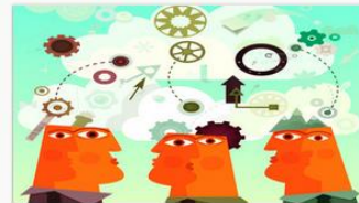
Desenvolvimento de Ideias Inovadoras para Novas Empresas: O Primeiro Pas... UMD • Ago 18º Legendas disponíveis em Português
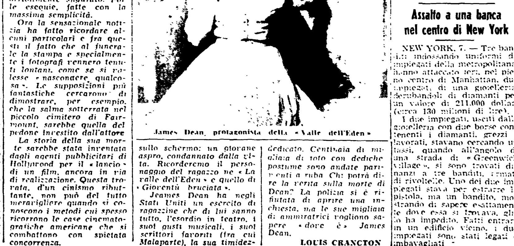
James Dean, protagonista della « Valle dell'Eden »
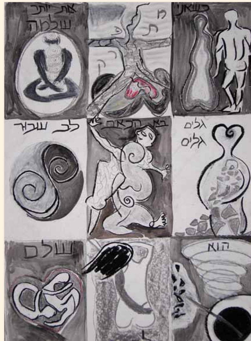
כשאני מתפרק את יותר שלמה. גלים גלים בא הכאב, לב שבור הוא לב שלם.
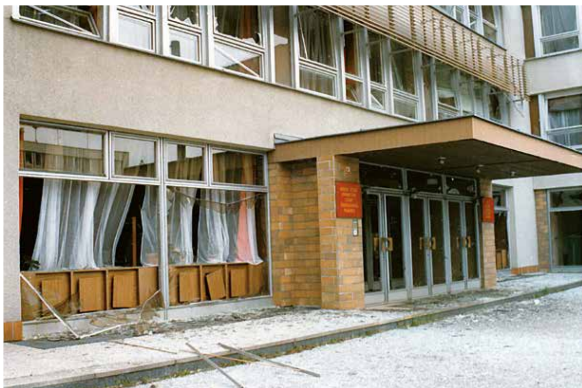
Následky výbuchu 13. září 1988 v Pelhřimově. Přestože byl kráter relativně malý, exploze budovy značně poškodila.
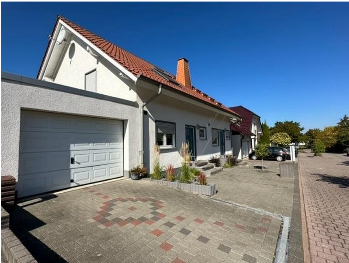
Garage / Sicht Haus links
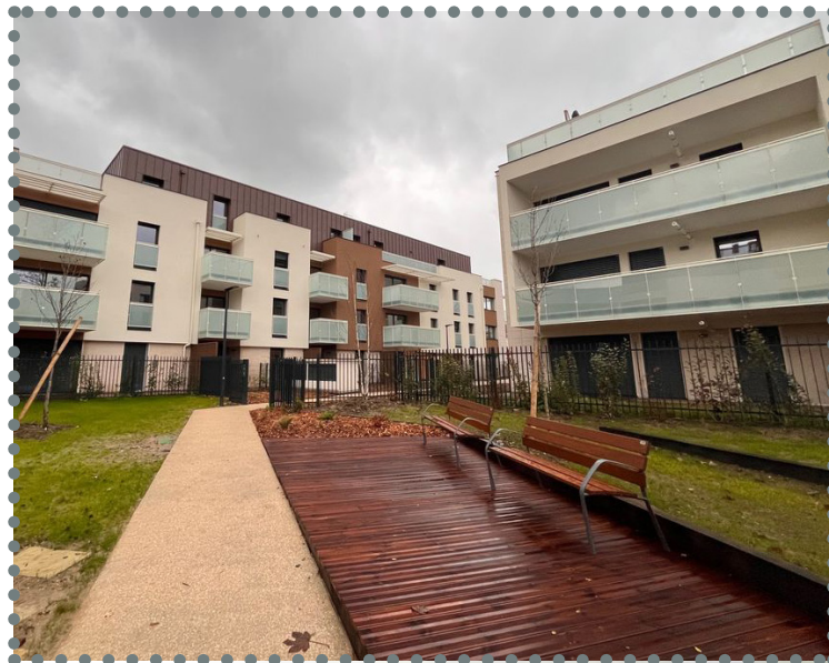
Cheminements et terrasses bois réalisés ▲
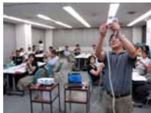
▲ロープワークを学ぶ
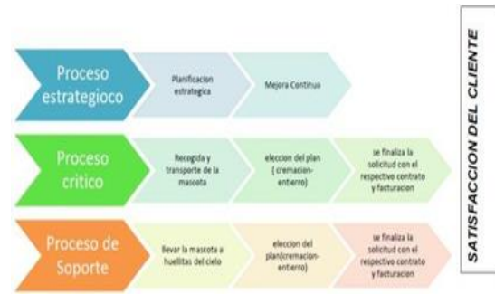
Figura 5. Procesos.

Modificamos la forma de los diseños y colores a base del gusto de los clientes de los productos de las urnas y lapidas.
* * * *
Copy everything in the records above except the pictures, exactly as written.

_Answer_.
Desenvolvimento de Ideias Inovadoras para Novas Empresas: O Primeiro Pas... UMD • Ago 18º Legendas disponíveis em Português
James Dean, protagonista della « Valle dell'Eden »
כשאני מתפרק את יותר שלמה. גלים גלים בא הכאב, לב שבור הוא לב שלם.
Následky výbuchu 13. září 1988 v Pelhřimově. Přestože byl kráter relativně malý, exploze budovy značně poškodila.
Garage / Sicht Haus links
Cheminements et terrasses bois réalisés ▲
▲ロープワークを学ぶ
Figura 5. Procesos.

Modificamos la forma de los diseños y colores a base del gusto de los clientes de los productos de las urnas y lapidas.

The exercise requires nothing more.